■ Exercise brief ■
Transcribe exactly, leaving out pictures, the lines from the one that holds "[19 ธันวาคม 2567]" through the end of the data below, including both end lines and no others.

■ Data to use ■
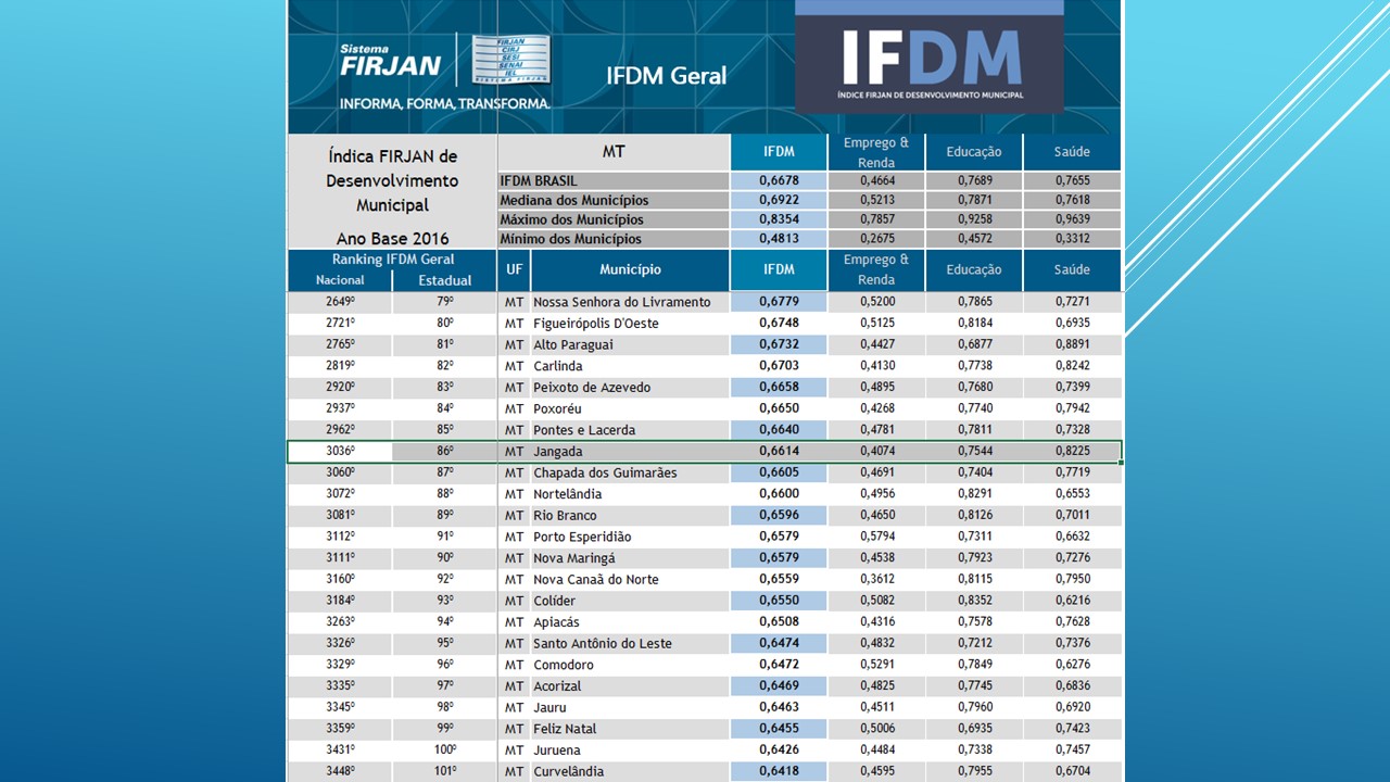 Veja o ranking completo dos 141 municípios de Mato Grosso: http://firjan.com.br/ifdm/consulta-ao-indice/ifdm-indice-firjan-de-desenvolvimento-municipal-resultado.htm?UF=MT&IdCidade=510490&Indicador=1&Ano=2016
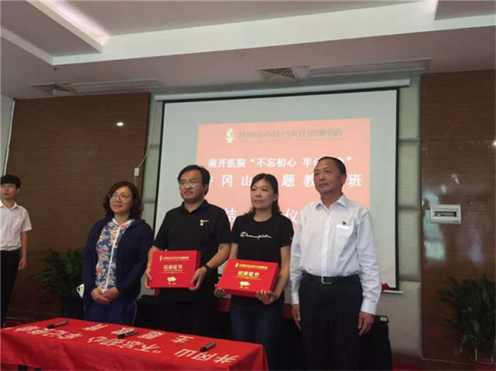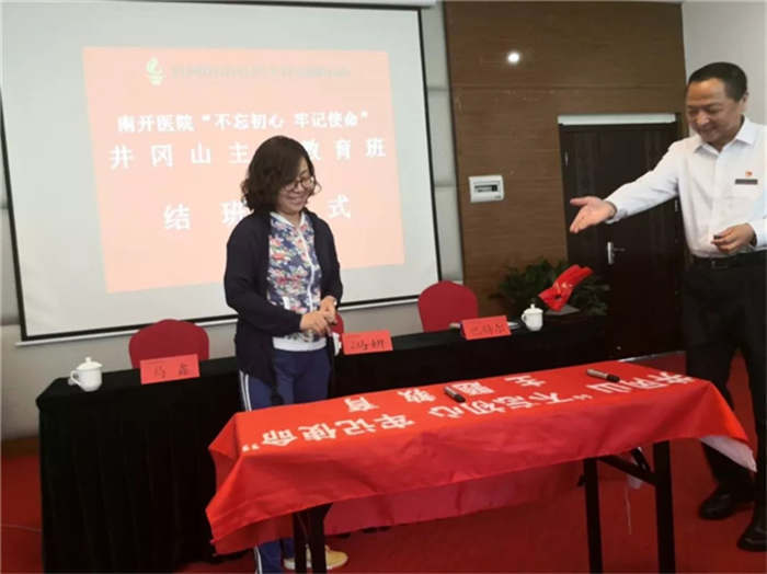 結班儀式上,天津市南開醫院泌尿外科黨支部書記柏麗莉和醫務科黨支部書記張西波兩名學員代表大家交流了學習體會,從不同角度暢談了對井岡山精神的理解,表示要在井岡山精神的激勵下,做好本職工作,救死扶傷,在平凡的崗位上誓為人民保健康!紀委馮妍書記勉勵參訓同志們要把井岡山精神轉化為服務患者發展南開的強大動力,努力拼搏,積極奮斗,將井岡精神傳承下去……并與巴特爾院長一起為培訓班學員頒發結業證書,最后所有同志們莊嚴的在班旗上簽上自己的名字,同時在內心永遠銘記下井岡山的情懷……
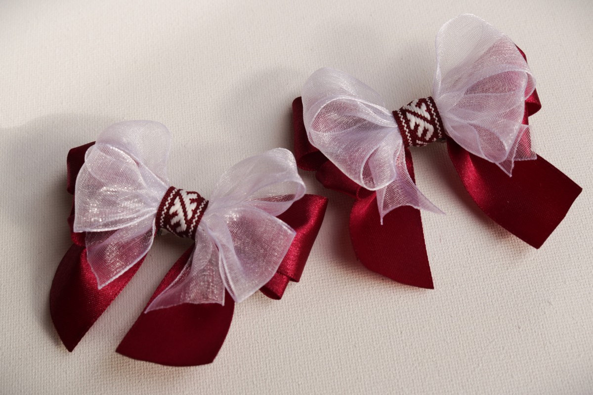 Latviskas matu rotas. Viedotas kā bante, ar latviska raksta (1.att. "ūsiņš" vai 2.att. "zalktis") prievīti vidū, aizmugurē spraude/knaģis. Platumā ap 7 cm.
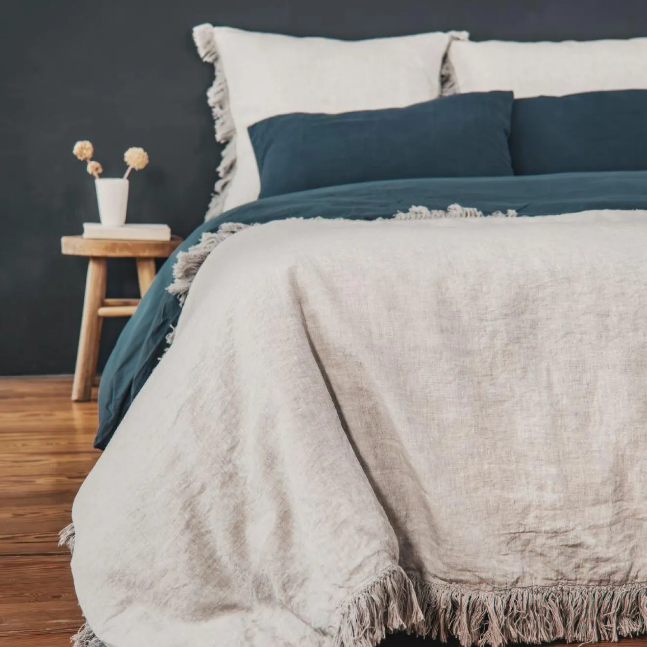 Le coussin XXL HUGFRANGE, coloris Orage, en 100 % lin lavé, apporte une touche de fraîcheur et de confort à votre literie. Avec ses dimensions de 80 x 80 cm, il garantit une sensation de douceur agréable pour vos nuits. Ses finitions frangées et la fermeture à boutons lui confèrent un charme subtil et raffiné. Facile d’entretien, sa housse est lavable en machine à 40°C.
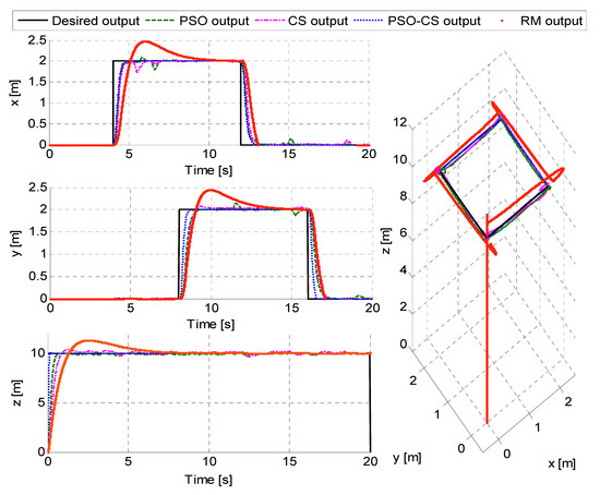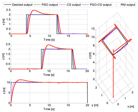Quadrotor’s positions (x, y, z) using Particle Swarm Optimization (PSO), Cuckoo Search (CS), Particle Swarm Optimization-Cuckoo Search (PSO-CS), and Reference Model (RM) (rectangular trajectory).
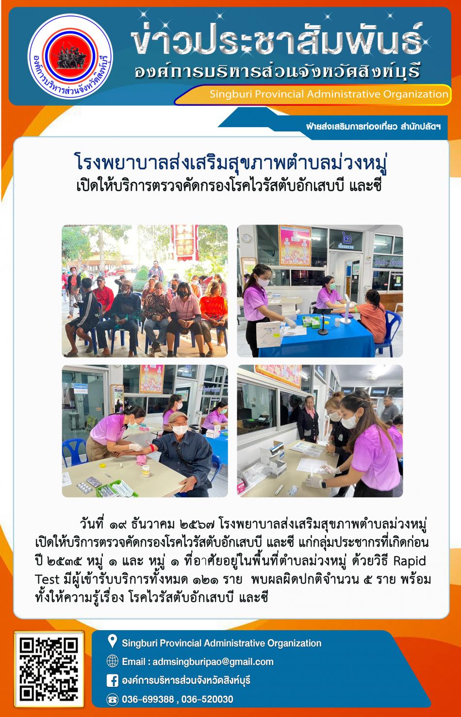 โรงพยาบาลส่งเสริมสุขภาพตำบลม่วงหมู่ เปิดให้บริการตรวจคัดกรองโรคไวรัสตับอักเสบบี และซี [19 ธันวาคม 2567]
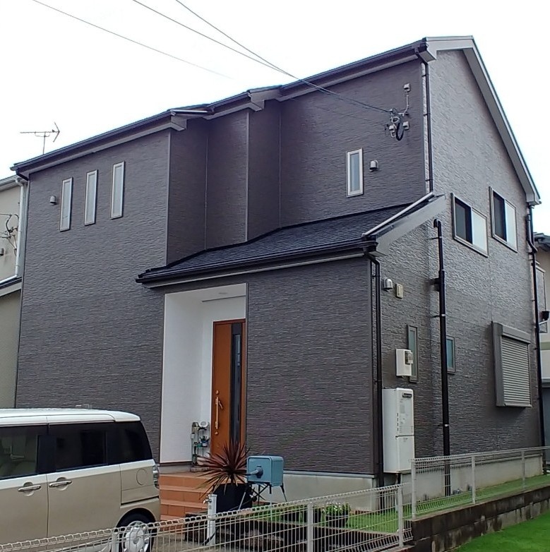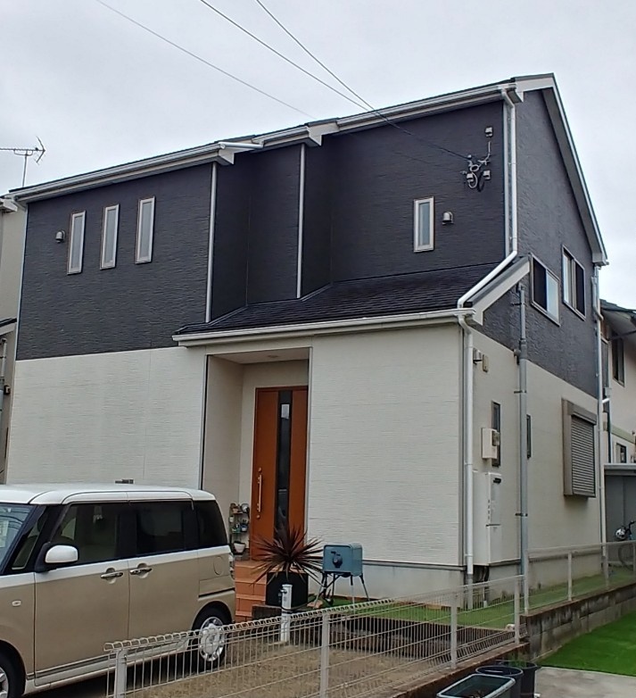 施工後使用塗料(メーカー)・サイディング外壁 プレミアム無機(エスケー化研)・スレート屋根 遮熱塗料(エスケー化研)雨樋、水切り マイルドシリコン(エスケー化研)

■ Written answer ■
 โรงพยาบาลส่งเสริมสุขภาพตำบลม่วงหมู่ เปิดให้บริการตรวจคัดกรองโรคไวรัสตับอักเสบบี และซี [19 ธันวาคม 2567]
 施工後使用塗料(メーカー)・サイディング外壁 プレミアム無機(エスケー化研)・スレート屋根 遮熱塗料(エスケー化研)雨樋、水切り マイルドシリコン(エスケー化研)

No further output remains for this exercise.